Problem> Search the material for the string "light" and copy each line where it occurs.
[[ Exercise material open ]]
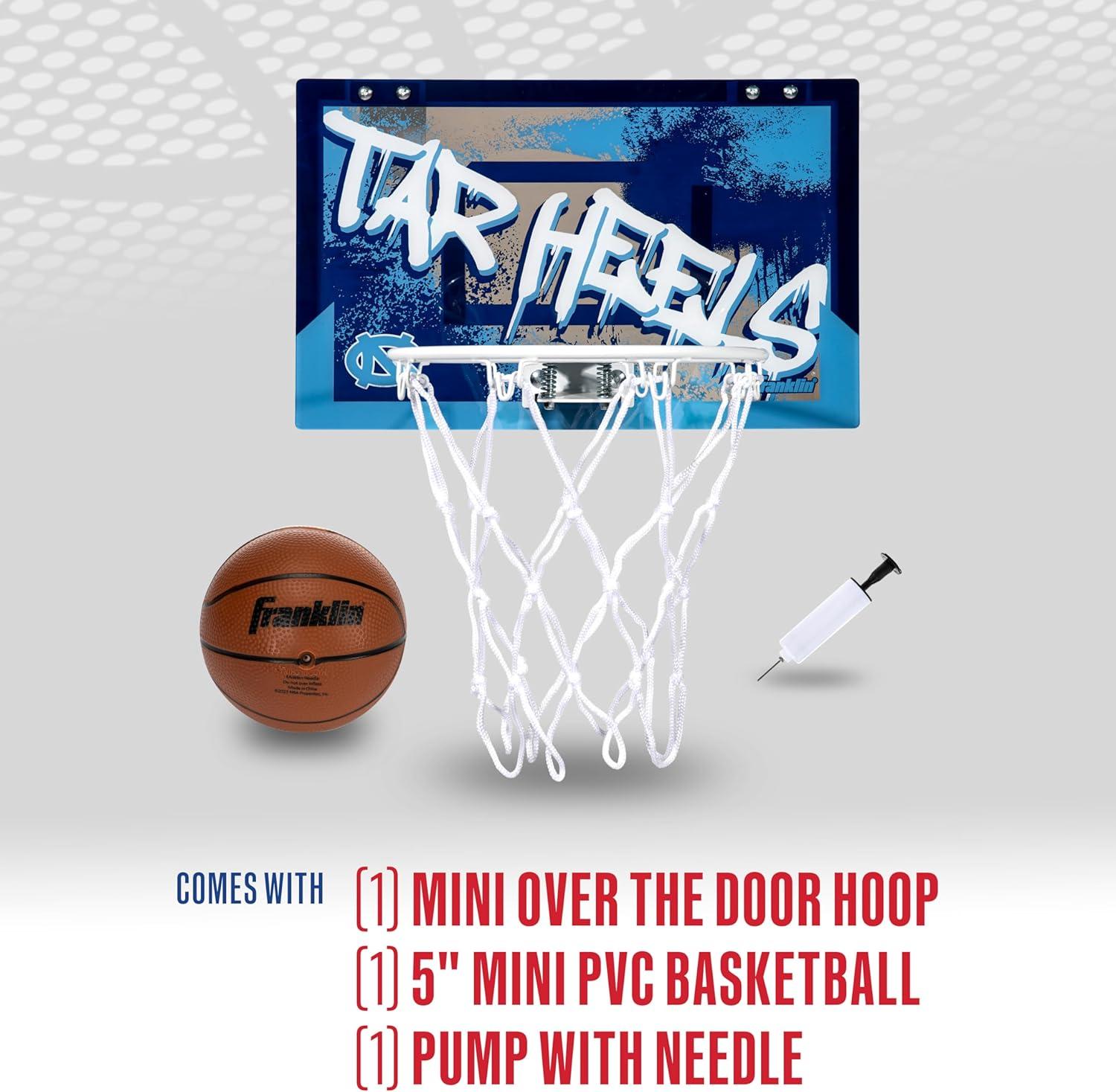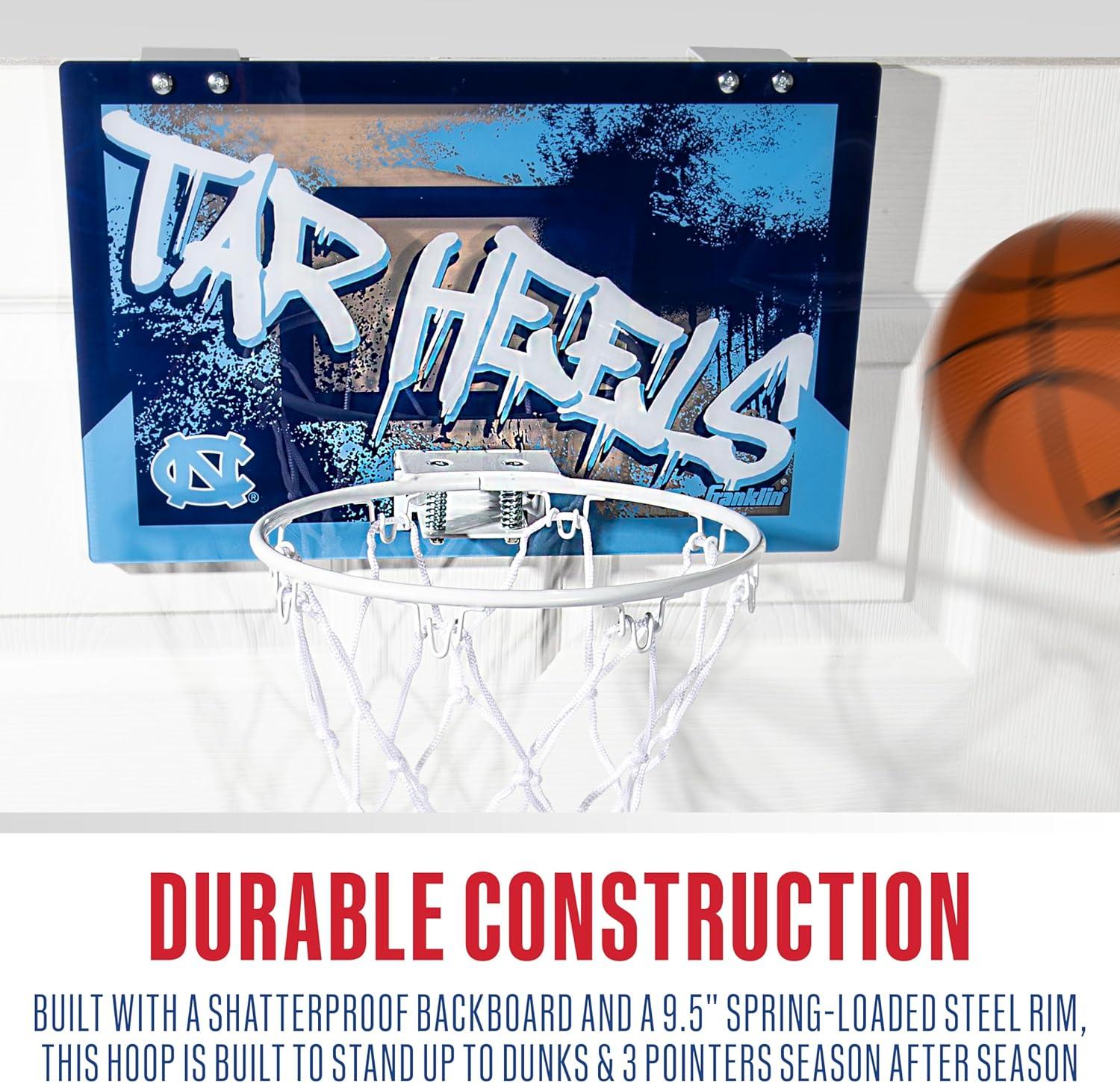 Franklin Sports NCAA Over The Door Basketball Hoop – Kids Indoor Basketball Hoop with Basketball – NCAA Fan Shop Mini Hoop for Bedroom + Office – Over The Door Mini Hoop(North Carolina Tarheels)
[[ Exercise material closed ]]
[[ Exercise material open ]]
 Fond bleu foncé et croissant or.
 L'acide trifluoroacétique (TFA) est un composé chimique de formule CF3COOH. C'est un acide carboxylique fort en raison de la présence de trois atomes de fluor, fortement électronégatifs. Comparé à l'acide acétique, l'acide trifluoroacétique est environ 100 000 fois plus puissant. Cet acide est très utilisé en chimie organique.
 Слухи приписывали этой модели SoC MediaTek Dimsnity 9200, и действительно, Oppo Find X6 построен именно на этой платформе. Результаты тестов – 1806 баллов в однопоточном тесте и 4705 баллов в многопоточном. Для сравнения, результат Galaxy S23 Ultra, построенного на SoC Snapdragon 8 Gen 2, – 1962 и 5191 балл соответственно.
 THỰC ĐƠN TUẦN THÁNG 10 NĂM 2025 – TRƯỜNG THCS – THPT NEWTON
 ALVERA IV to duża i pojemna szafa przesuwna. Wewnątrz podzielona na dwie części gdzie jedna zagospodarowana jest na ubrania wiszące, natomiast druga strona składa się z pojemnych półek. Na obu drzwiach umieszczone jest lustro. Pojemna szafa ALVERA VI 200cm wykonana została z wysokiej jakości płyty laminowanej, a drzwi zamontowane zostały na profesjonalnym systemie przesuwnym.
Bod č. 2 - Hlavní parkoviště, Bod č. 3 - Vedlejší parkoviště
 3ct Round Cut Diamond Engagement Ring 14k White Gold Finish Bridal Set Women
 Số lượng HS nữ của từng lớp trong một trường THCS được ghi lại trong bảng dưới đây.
[[ Exercise material closed ]]
[[ Exercise material open ]]
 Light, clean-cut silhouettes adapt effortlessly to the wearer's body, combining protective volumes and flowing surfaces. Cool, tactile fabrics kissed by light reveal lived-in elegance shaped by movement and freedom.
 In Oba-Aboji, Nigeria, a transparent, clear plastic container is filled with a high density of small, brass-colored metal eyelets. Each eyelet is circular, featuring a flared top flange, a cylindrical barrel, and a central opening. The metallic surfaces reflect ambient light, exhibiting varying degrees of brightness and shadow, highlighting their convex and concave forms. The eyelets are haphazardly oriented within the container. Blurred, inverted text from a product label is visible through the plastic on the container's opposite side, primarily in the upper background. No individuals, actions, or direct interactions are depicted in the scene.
[[ Exercise material closed ]]
Completed exercise>
 Light, clean-cut silhouettes adapt effortlessly to the wearer's body, combining protective volumes and flowing surfaces. Cool, tactile fabrics kissed by light reveal lived-in elegance shaped by movement and freedom.
 In Oba-Aboji, Nigeria, a transparent, clear plastic container is filled with a high density of small, brass-colored metal eyelets. Each eyelet is circular, featuring a flared top flange, a cylindrical barrel, and a central opening. The metallic surfaces reflect ambient light, exhibiting varying degrees of brightness and shadow, highlighting their convex and concave forms. The eyelets are haphazardly oriented within the container. Blurred, inverted text from a product label is visible through the plastic on the container's opposite side, primarily in the upper background. No individuals, actions, or direct interactions are depicted in the scene.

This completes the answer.